--- DATASET EXCERPTS Enclosed Below ---

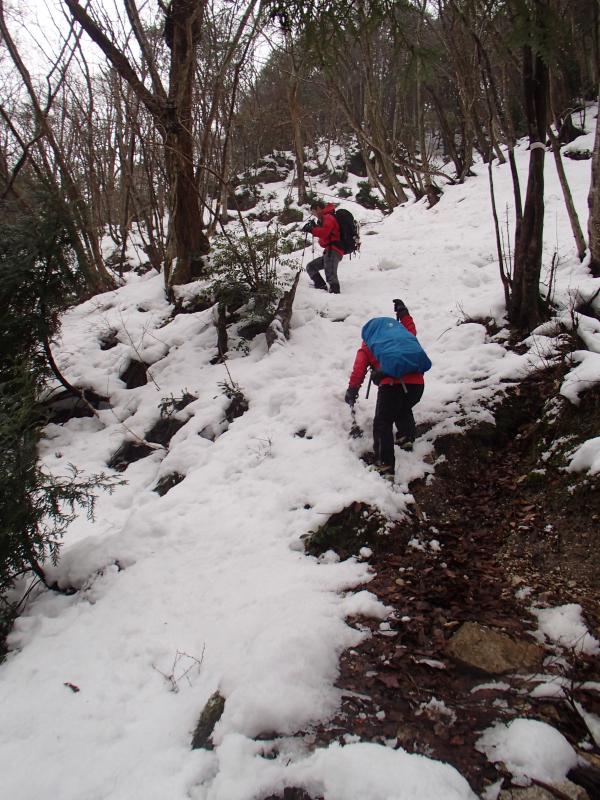 前日まで降っていた雪は、暖かさから雨へと変わってしまい、どーするー?と言いながららも取りあえず登山口へ・・・
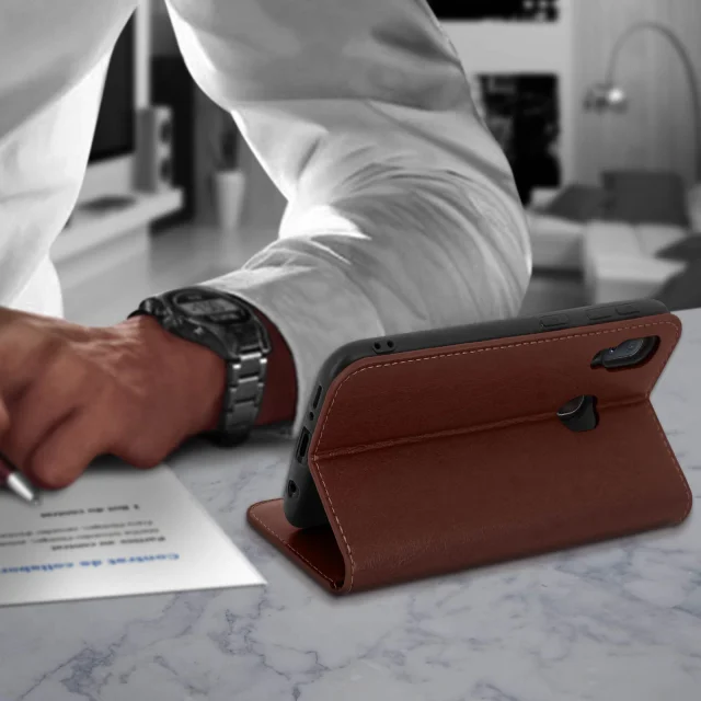 Etui, držalo za kartice in stojalo za video iz pravega usnja - temno rjava str. Samsung Galaxy A20e
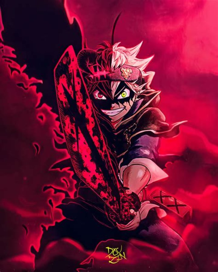 Asta's demon form is a sight to behold: Red-eyed, half black hair, horn sprouting from one side of his head, two elongated canines, and a black wing sprouting from his back all combine to create the perfect demonic look. He possesses a five-leafed grimoire, which is said to harbor a demon.
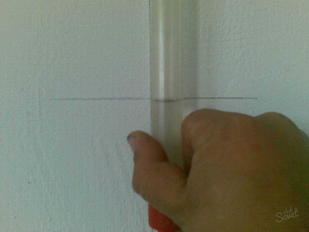 Карандашом делают отметку. Найденные точки считаются опорными. Их соединяют в прямую линейкой. Проводят перпендикулярные прямые на нужную величину, используя линейку с рулеткой. Метки соединяют. Если инструментом пользуется один человек, предварительно выполняется крепление к любой колбе. Затем фиксируется эта часть уровня к нужному месту винтами или скотчем.
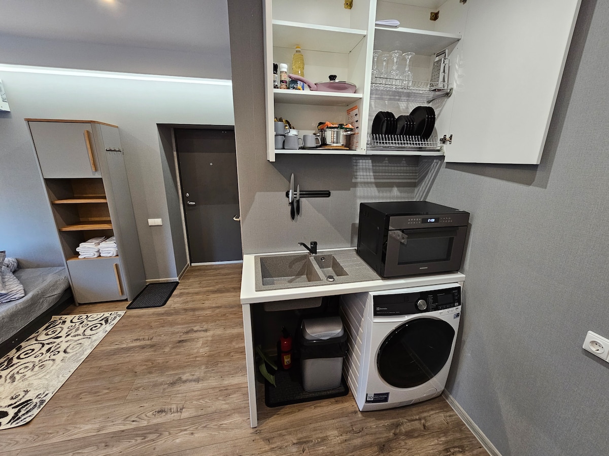 El departamento está en un antiguo edificio escolar recientemente renovado. Tiene una vista única del parque de esculturas y del hermoso lago Sartư. Las paredes están cubiertas con arcilla lituana natural que le da al apartamento un carácter único. Está lleno de detalles vintage, como la antigua estufa que todavía está en contacto para honrar su rica historia.
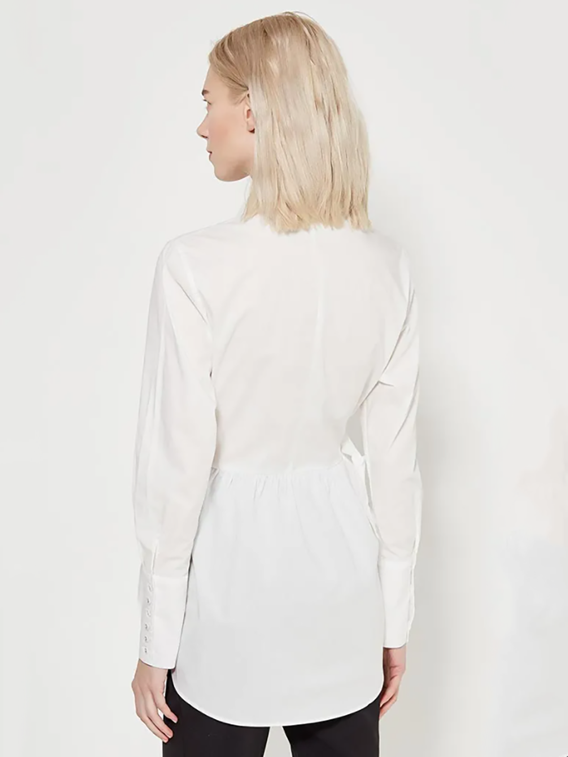 Белая однотонная рубашка прямого кроя. Приталенный силуэт за счет ремешков на талии. Втачной рукав полной длины с широкими манжетами на пуговицах. Отложной рубашечный воротник, супатная застежка.
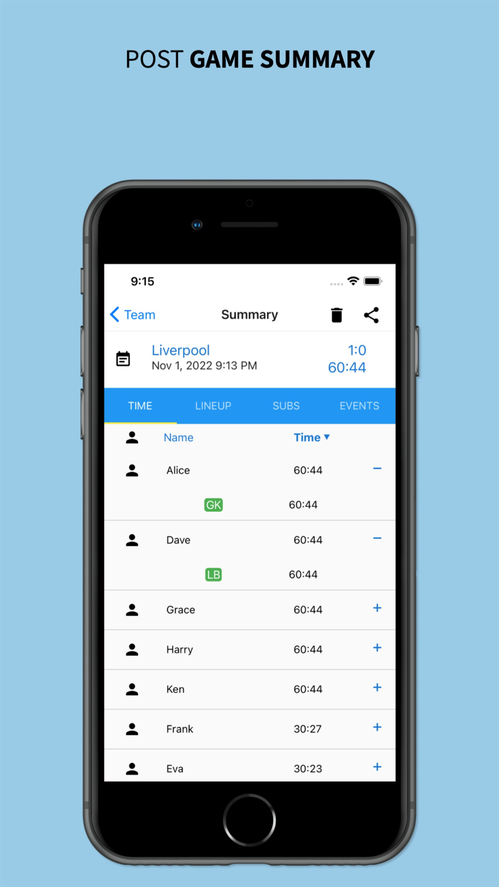 Subtime supports multiple teams and can auto-save game history for you. You can even export a game playtime summary for your records. And don't worry if you coach multiple sports, Subtime supports soccer/football, basketball, lacrosse, field hockey, and rugby.

--- End of Enclosed DATASET EXCERPTS ---

All that should appear in the answer is the lines above from the line with "Etui, držalo za" through the line with "Asta's demon form", retyped exactly, pictures left out.

§ **SOLUTION BELOW**
 Etui, držalo za kartice in stojalo za video iz pravega usnja - temno rjava str. Samsung Galaxy A20e
 Asta's demon form is a sight to behold: Red-eyed, half black hair, horn sprouting from one side of his head, two elongated canines, and a black wing sprouting from his back all combine to create the perfect demonic look. He possesses a five-leafed grimoire, which is said to harbor a demon.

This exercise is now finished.